Dear Anonymous

~a column by Colleen O’Brien

The following email was sent via anonymousemail to the editor of this news source:

“Dear Ms. O’Brien,

“I voted tor Trump. You think you know people like me and what motivates us, but you don’t have a clue nor do you care to understand. You have your reality and nothing’s ever gonna change your mind.

“Be that as it may, I’m over it. Everybody I know who voted for Trump is over it. You’re obviously not over it. You keep going on and on and on and on and on about it. You see, it’s not that we love Trump. It’s more that we can’t deal with your side’s hypocrisy and duplicity. You’re not helping.

“Regards,
Over

I am so thrilled to get a letter to the editor about my column, even if the letter is not praising me but condemning me, that I thank you for it. That’s what columns are for – to let people be satisfied because they agree or angry because they don’t. So few people ever write to columnists that I have to thank you again, Anon.

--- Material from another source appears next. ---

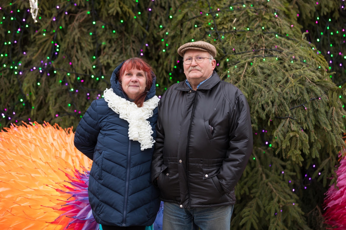 Rotušės aikštėje, prie pagrindinės Kauno eglės, sutikti sutuoktiniai iš Neveronių Rima ir Juozas Ručiai taip pat teigė, kad išeinantys metai buvo neblogi. Ir visai nekiauliški. "Priešingai – mes buvome apdovanoti už gražiausią sodybą Kauno rajone!" – reikšmingiausią šių metų įvykį savo asmeniniame gyvenime įvardijo R.Ručienė. Tačiau svarbiausias šių metų Lietuvos įvykis, abiejų sutuoktinių nuomone, gaisras Alytuje, kur gyvena jų dukra ir anūkas. Ši nelaimė jiems užgožė ir prezidento rinkimus. J.Ručys nebuvo linkęs apeiti ir šiemet kilusio ginčo, ar prie Kauno turi būti prijungta dalis Kauno rajono. Tam nepritariančio pašnekovo argumentas buvo toks: "Atėjome prie eglutės Pilies gatve – baisu, kaip ji atrodo! Todėl gal pirmiau reikėtų susitvarkyti savo kieme, o jau po to dairytis į kitus – jau sutvarkytus!"

And for the record, you aren’t helping, either.

I could have answered your letter to the editor privately if you’d asked. But it’s usually difficult to answer an anonymous note – no return address, you see. Although because I’m a working writer with a forum, I’m doing it. For future notes from you, they won’t be printed if you ask them not to be. They will merely be sent on to me; all you have to do is say so, and the editor will do so.

I’m up for the open discussion of what appears to be an opposing point of view. Or, I’m up for a private discussion.

To answer a couple of your statements: I do not even pretend to think I know people like you nor what motivates you. This is not a diss, just a fact; and I would like to know. I continue to write my point of view, knowing that many people do not agree with me. They don’t have to.

So far, when I’ve asked for reasons why others think unlike I think, I’m not belligerent or starting a fight, I’m honestly curious.

Many of them say I’ve disliked Trump from the beginning and that I was trying to get him out of his job for four years. That is correct, so some of my opponents do know how I think.

Apparently, you do get it that I’m not “over it.” This is glaringly true. One of the reasons I don’t seem to get over it is that he continues to meddle in government business in a way that is disruptive, divisive and therefore non-productive, and so I write about it.

I am perplexed by your telling me about my side’s “hypocrisy and duplicity.” I would like concrete examples of these behaviors because I think I’m neither, and the people I vote for are neither, as far as I can tell, or I wouldn’t have voted for them. I am open to all facts.

I can see that I’m “not helping,” as you close your letter with. I understand that I am preaching to the choir. Or maybe just to myself. But, like you, I am exercising my right to free speech. And I do sign my name.

If you’d signed yours, maybe we could have talked. Also, other people could have read your letter and applauded you, dismissed you, laughed or yawned. As I assume people do with my column.

My 87-year-old friend Jeannette is a hardcore, Fox-News-watching Trumpr, and we discuss politics each time we’re together. She tells me she can’t stand Hillary or Pelosi and why. I tell her I can’t stand Trump or McConnell and why. And we move on to other subjects. I do not question her point of view, and if she questions mine, she keeps it to herself.

I would not mind being questioned by her any more than I mind being questioned by you. I do think it’s only fair to know who the questioner is, however, but if you’d simply like to continue writing anonymous letters to me, I will send you my address so we could continue in private a conversation that it seems we both might learn from.